You can enable long names in Windows, essentially removing that restriction and giving you the power of all the sub folders up to something like 26'000 characters.

  1. Open the Registry Editor.
  2. Go to HKEY_LOCAL_MACHINE\SYSTEM\CurrentControlSet\Control\FileSystem
  3. Find the LongPathsEnabled DWORD value, double-click it, and set its value to 1
  4. Restart your computer
  5. Be free and happy
[–] NJSpradlin@lemmy.world 6 points 1 week ago

That sounds like something my organization would have restricted access to.

[–] bleistift2@sopuli.xyz 4 points 1 week ago (1 children)

And I guess this isn’t the default for backwards compatibility with 1978’s tech?

[–] dan@upvote.au 4 points 1 week ago* (last edited 1 week ago) (1 children)

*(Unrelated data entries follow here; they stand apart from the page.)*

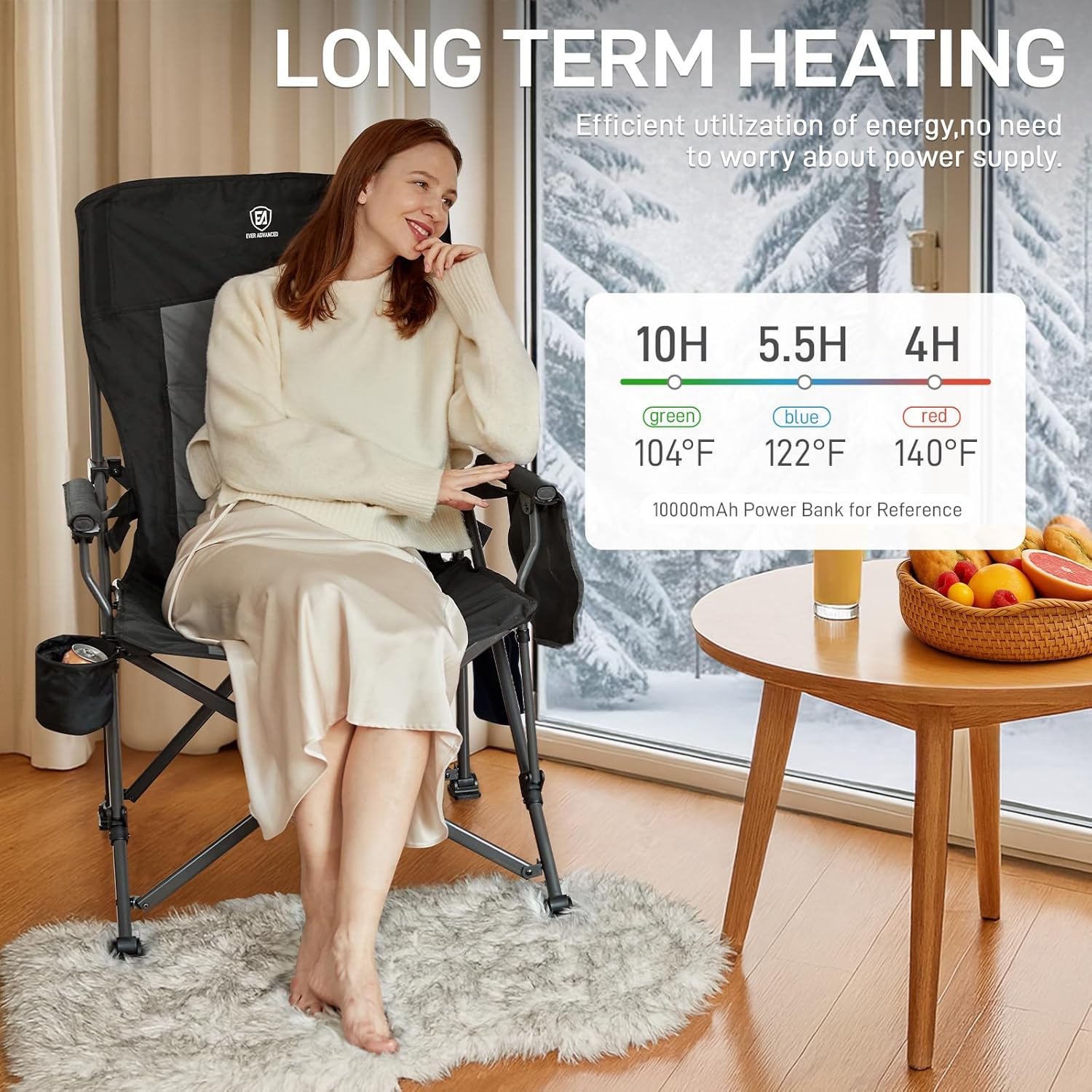 EVER ADVANCED Heated Oversized Foldable Camping Chair for Adults with Adjustable Lumbar Support, Heavy Duty Chair with Side Pockets, Heated Portable Collapsible Quad Chair for Outside, Support 500lbs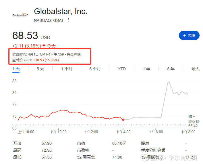 据知情人士向英国《金融时报》透露,亚马逊正与卫星电信运营商Globalstar洽谈收购事宜。截至4月1日周三,Globalstar市值约90亿美元,其股价过去一年累计涨幅约230%,市场早已在押注这家公司可能成为SpaceX的潜在竞争者或并购标的。消息后,Globalstar盘后涨超15%。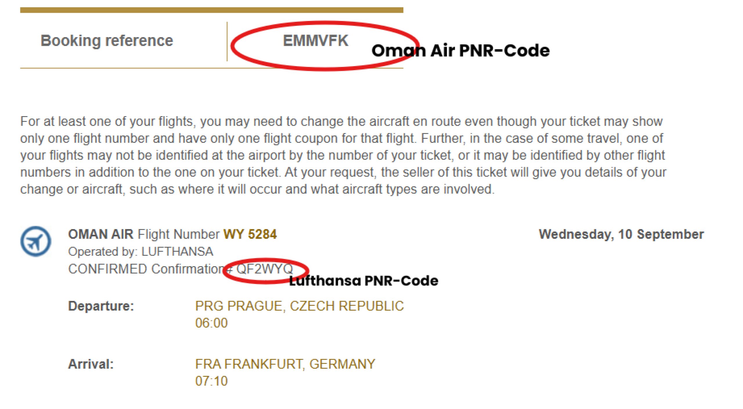 Alla flyg köptes som en bokning, men Lufthansas flyg från Prag till Frankfurt hade en annan PNR-kod än Oman Airs flyg från Frankfurt FRA via Muscat MCT till Zanzibar ZNZ.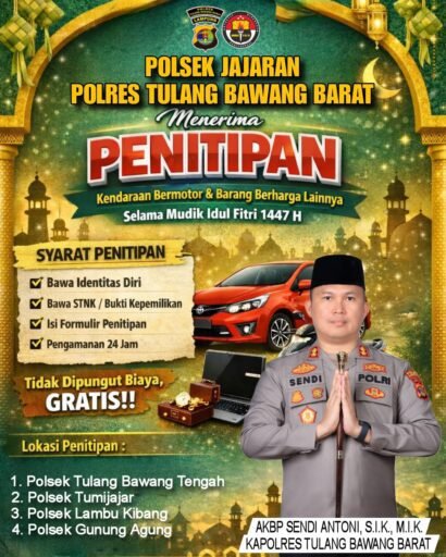 “Kami mengimbau sekaligus memberikan informasi kepada masyarakat atau pemudik yang ingin menitipkan kendaraan bermotor di Polsek dipersilakan,” ujar Kapolres Tubaba AKBP Sendi Antoni, Minggu (15/03/2026)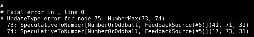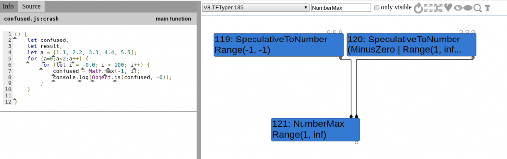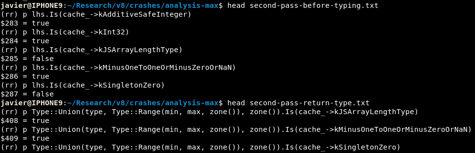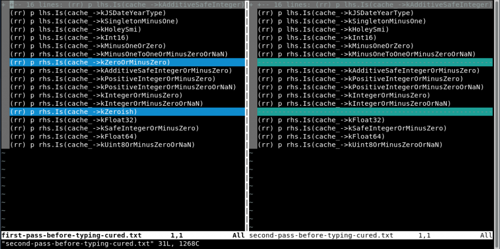 As we can see in the vim diff, ZeroOrMinusZero and the Zeroish types are not in the second NumberMax pass. By itself, this analysis might or might not mean that something is wrong with the types, but it’s a way to correlate with source code analysis and turbolizer that a type has been lost.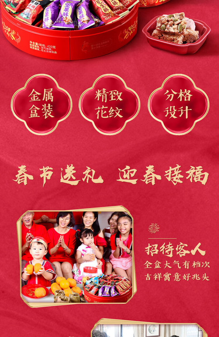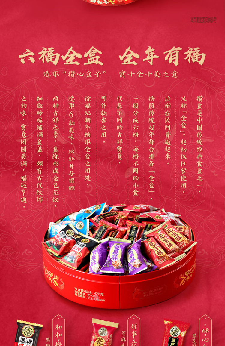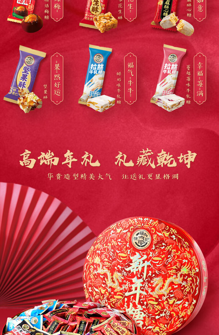 "原味花生酥 黑芝麻酥心糖 坚果酥 黑糖话梅糖 鲜奶味牛轧糖 蔓越莓味牛轧糖"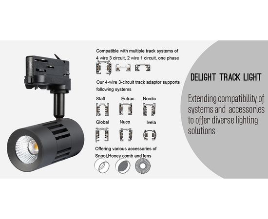 Представленные системами из 4-х проводных, 3-х цепей, двухпроводных, одноконтурных, а также однофазных шинопроводов, восхитительный современный свет для магазинов может использоваться в различных применениях без специального обслуживания и, экономя энергию. Этот светильник может использоваться вместе с большим количеством аксессуаров, таких как snoot, соты и с разными линзами 10 °, 24 °, 38 ° и 60 °.

A lot of apps still use legacy Windows APIs that don't understand very long paths. Those APIs have been deprecated for maybe 15 years or more, but developers are lazy. Microsoft can't add support for long paths to the old APIs because they use a fixed buffer size (which means that only a certain amount of memory space is available for the path, and increasing it would break the apps that rely on that). They can't totally remove the old APIs because every app that uses them would break.

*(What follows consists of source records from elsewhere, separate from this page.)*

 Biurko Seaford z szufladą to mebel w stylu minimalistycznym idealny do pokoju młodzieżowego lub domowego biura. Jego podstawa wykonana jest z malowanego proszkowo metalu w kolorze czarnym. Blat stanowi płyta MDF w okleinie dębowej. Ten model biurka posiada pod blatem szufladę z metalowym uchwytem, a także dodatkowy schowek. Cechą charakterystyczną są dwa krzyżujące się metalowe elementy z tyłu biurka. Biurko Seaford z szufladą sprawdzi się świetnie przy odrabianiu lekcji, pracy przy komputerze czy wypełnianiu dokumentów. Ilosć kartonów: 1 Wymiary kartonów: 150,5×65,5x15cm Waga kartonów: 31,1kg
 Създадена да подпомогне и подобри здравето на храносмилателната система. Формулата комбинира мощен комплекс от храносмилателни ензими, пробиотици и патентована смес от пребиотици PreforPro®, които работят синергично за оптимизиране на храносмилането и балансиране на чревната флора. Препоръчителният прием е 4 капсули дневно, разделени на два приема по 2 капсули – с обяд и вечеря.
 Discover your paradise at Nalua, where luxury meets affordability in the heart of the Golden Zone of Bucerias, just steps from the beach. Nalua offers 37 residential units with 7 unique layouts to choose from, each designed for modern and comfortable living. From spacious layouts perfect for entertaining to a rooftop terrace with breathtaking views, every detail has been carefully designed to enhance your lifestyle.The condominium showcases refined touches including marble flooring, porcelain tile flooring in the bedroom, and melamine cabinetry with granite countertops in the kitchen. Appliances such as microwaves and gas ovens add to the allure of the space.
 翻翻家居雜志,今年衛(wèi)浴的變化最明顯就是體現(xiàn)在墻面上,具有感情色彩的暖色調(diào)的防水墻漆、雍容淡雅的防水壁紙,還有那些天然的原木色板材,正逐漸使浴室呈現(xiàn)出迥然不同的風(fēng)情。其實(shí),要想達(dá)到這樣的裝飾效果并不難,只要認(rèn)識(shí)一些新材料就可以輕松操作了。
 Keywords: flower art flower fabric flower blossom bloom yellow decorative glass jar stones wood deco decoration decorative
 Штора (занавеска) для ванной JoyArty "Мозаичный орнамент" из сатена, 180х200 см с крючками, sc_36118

[–] bleistift2@sopuli.xyz 3 points 1 week ago (1 children)

They can’t totally remove the old APIs because every app that uses them would break.

For every other company I would buy that argument. But for one that forces customers to throw away millions of computers which can’t run Win 11… no.

[–] Eheran@lemmy.world 2 points 1 week ago

People having to buy new hardware for new software is and has been normal forever.

People losing access to their software because the OS changes how it deals with something did happen, but that is not something anyone wants.